И тут она поднимает взгляд и видит Оуэна, наблюдающего за ней. В зеркале.
Оуэн не может вспомнить, как он очутился наверху — ведь к телефону-то он подходил на кухне, — и точно так же не может вспомнить сейчас, как в точности посмотрела на него тогда Изабелла. Он вроде бы помнит, что она сразу умолкла — застыла в молчании. Она лежит на красивом диване персикового цвета, неподвижная и безупречная, как бриллиант в оправе. Женщина в зеркале, косо отраженная в зеркале. Он видит ее отражение, и она видит его отражение, а в следующую секунду Оуэн уже проходит мимо двери — он же идет к себе, он только что вернулся откуда-то домой, он в куртке и, пожалуй, даже в сапогах, он не может вспомнить, какое было время года, но скорее всего это была зима, — так или иначе, его не интересуют телефонные разговоры матери, так или иначе, взрослые до смерти ему надоели.

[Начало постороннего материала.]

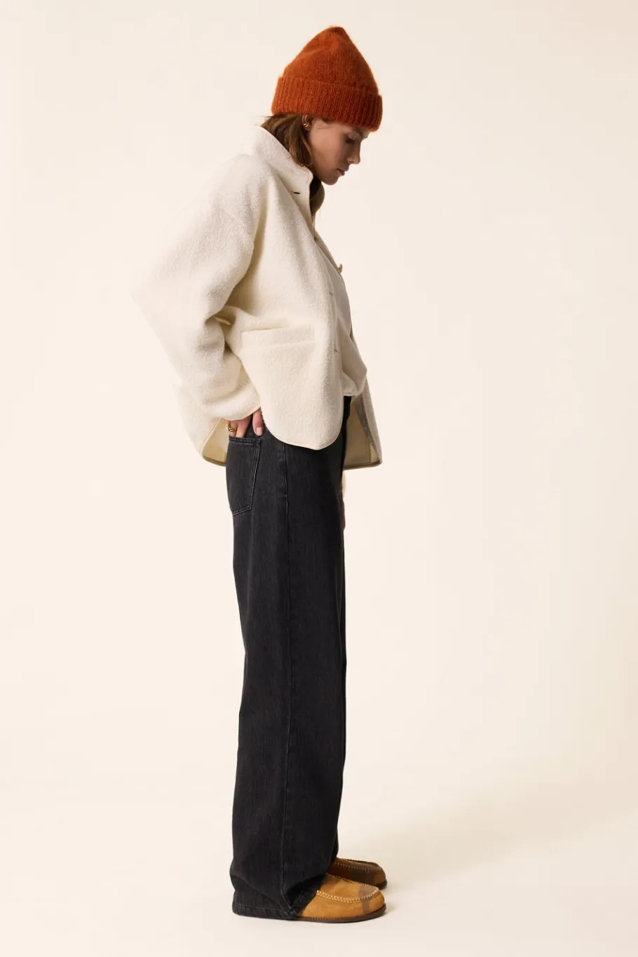 La veste en laine bouclette Zlavina s’inspire du vestiaire sportswear et se mue en une pièce cosy très contemporaine. Urban chic et facile à associer, cette veste col montant taillée comme un blouson gagne en élégance avec son biais et son boutonnage ton sur ton. • Veste manches longues en maille bouclette • Volume large • Emmanchures tombantes • Col montant • Ouverture boutonnée • Poches passepoilées • Finitions biais • Veste réalisée en fil italien du groupe « Bouclette » contenant de la laine et du mohair pour un rendu chaud, doux et moelleux. • Coloris Crème : un blanc crème • Modèle dessiné à Paris par notre styliste • Longueur : 61 cm pour une taille 1 • Alessandra mesure 1m74 et porte une taille 1 • Conseil style : portez-la sur le pull Anelie avec un jean délavé et des baskets pour un look urbain
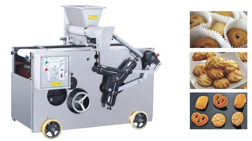 概述: 曲奇糕點機,是通過面團擠出成形,能生產多種獨特花式點心和曲奇餅干坯的成形機,具有技術先進、結構緊湊、多功能、操作簡單等特點,深受廣大用戶所歡迎,也是投資者目前市場最理想的新型儀器機械之一。該機具有多種模具,能生產幾十種花式曲奇餅干,用戶可根據需要自行調節(jié)選擇。成形的花式點心與曲奇餅干,形態(tài)獨特、花紋清晰、造型美觀。該機生產的生坯采用熱風旋轉爐及隧道爐烘烤均可

Потрясенное лицо Изабеллы. Странная и совсем нехарактерная для нее жесткость в лице… Или, может быть, просто раздражение (так как оба ребенка раздражают ее своими требованиями, шумом, громкими голосами, самим своим присутствием), или… это просто от неожиданности?
Но Оуэна, проходящего мимо двери, это не интересует.
— А я не могла бы поехать с тобой? — умоляюще спрашивает Кирстен, но Оуэн непреклонен:
— Безусловно, нет.
Он хочет, чтобы ничто не стесняло его. Он не хочет эмоций.
— Ты позвонишь мне? — говорит Кирстен.
— Не могу обещать, — говорит Оуэн. — Я буду на ходу.
— Ты не… ты же еще не собираешься это делать, нет? — спрашивает Кирстен. Голос у нее такой далекий, такой слабый — Оуэн почти ничего не слышит. Но в точности знает, что она сказала.
— А почему нет? — говорит он.
Она молчит. На линии — полнейшая тишина.
Трусиха, думает Оуэн с усмешкой, кто же из нас теперь трусит, кто из нас теперь на водительском месте.
Вслух же, с осуждением, которое он в какой-то мере и чувствует, нетерпеливо произносит:
— Конечно, нет. Еще не время.
Сначала приходят к выводу о вине человека, рассуждает Оуэн. Но все, что для этого необходимо: юридическая процедура… порядок расследования (каким бы неофициальным оно ни было)… даже здравые суждения, — все требует осторожности.
Воскресенье, 11 мая. Он едет поездом в Вашингтон. Вооруженный диктофоном «Панасоник», своим дневником (в синей картонной обложке, слова «Для заметок» вытиснены шикарными «золотыми» буквами, страницы разлинованы) и бумажником, набитым банкнотами. Полиэтиленовый мешок остался в его комнате в общежитии. Все свои улики он тщательно упаковал в кожаную сумку вместе со сменой одежды и туалетными принадлежностями. Ничего лишнего.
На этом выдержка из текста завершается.